隠居Journal:大手町ビルの思い出(7)何時しか都電で神保町通い

大手町ビル内のオフィス勤務も慣れて気持ちにゆとりが生まれてきた頃、大手町ビルの日比谷通り口から都電が走っていることを知って、時々、退社後にそれに乗って、田舎者よろしく、あちこち途中下車して沿線風景を楽しんでいたが、その内に、子供の頃からの「本好き」「活字の虫」の読書欲を満たす古書店街の神保町に、退社時間後、都電に揺られながら向かうのが楽しみとなっていた。

 

あの頃の神保町は、古色蒼然とした幾つかの大学と古書店を軸に、あちこちの通りや露地裏に安食堂、珈琲専門店、ジャズ喫茶、名曲喫茶、パチンコ店や雀荘がひしめき、混沌として人間臭い街だった。

 

そんな街と行き交う人の醸す雰囲気と雑然とした独特の臭いが、地方の高校を卒業して東京での会社勤めを始めた「上京者」の疎外感と孤独を癒す作用をもたらしていたのではないかと、今にして思う。

 

 

ここで、優に半世紀を超えたおぼろな記憶から、当時の私の神保町「ウロウロコース」を掘り起こしてみたい。(※)括弧内の番号は上記地図の番号に該当。

 

先ずは、お目当ての本を求めて、古書店を探索した後の空腹しのぎに「キッチン・グラン」(1)で、80円のメンチカツ定食をよく食べた。

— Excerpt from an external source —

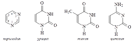 Существуют также некоторые различия в азотистых основаниях, входящих в состав нуклеиновых кислот: аденин, гуанин, цитозин образуются при гидролизе и ДНК, и РНК, в качестве четвертого основания ДНК содержат тимин, РНК – урацил. Урацил, тимин и цитозин представляют собой производные пиримидина:

あの頃は大学生も、勤め人も、そして今ほどメディアに露出していなかった教授方も、一様に懐に余裕が無かったようで、天ぷら定食が100円台の「いもや」(青2)と共に、キッチン・グランは有難い店だった。

 

または、古書店で、お目当てや掘り出し物を見つけた時は、少しでも早く読みたい一心で、近くの喫茶店に駆け込み、珈琲を片手に、胸を時めかせてページをめくるのが常だった。店内では、私と同様に、買ったばかりの本の包装紙をもどかしそうにほどいている顔・顔・顔があった。

 

あの頃、私が良く駆け込んだ喫茶店はエリカ(4)や、ラドリオ(3)、李白(青6)である。神保町の喫茶店はそれぞれに特徴があり、エリカは濃い目の珈琲をユニホーム姿のマスターとおぼしき中年男性が丁寧に点ててくれ、ラドリオは詩の雑誌「ユリイカ」編集部の近くであったから詩人や文学者の溜まり場であり、李白は障子硝子に行燈型の和紙のスタンドが目印で、そして李朝の染付けで珈琲を味わえる、数寄者の店主を思わせる店であった。

 

時に職場の人間関係で屈折した気持ちを抱えたときは、書泉グランデの裏にある「ミロンガ」(5)で、タンゴにタップリ浸る事が多かった。当時の伝聞であるが、この店はアルゼンチン・タンゴのレコードの所蔵が数千枚とかで、タンゴ好きには知られた存在だった。

 

二十代半ばの若い女が、薄暗い喫茶店で泥臭いアルゼンチン・タンゴの音色に浸るのは確かに変わっているが、私は、中学生の頃から文化放送の「これがタンゴだ」という番組を、小さなラジオにかじりついて聴いた早熟なガキであったから、番組テーマ曲の「エル・ジョロン(泣き虫)」を初め「淡き火影に」、「エル・チョクロ」などを聞くと、高ぶった気持ちが自然に落ち着いてくるのだった。

 

こうした私の神保町との付き合いは、都電が廃止された後は徒歩で通い、その後のオフィス移転、更に2004年の定年退職を経て、今なお続いている。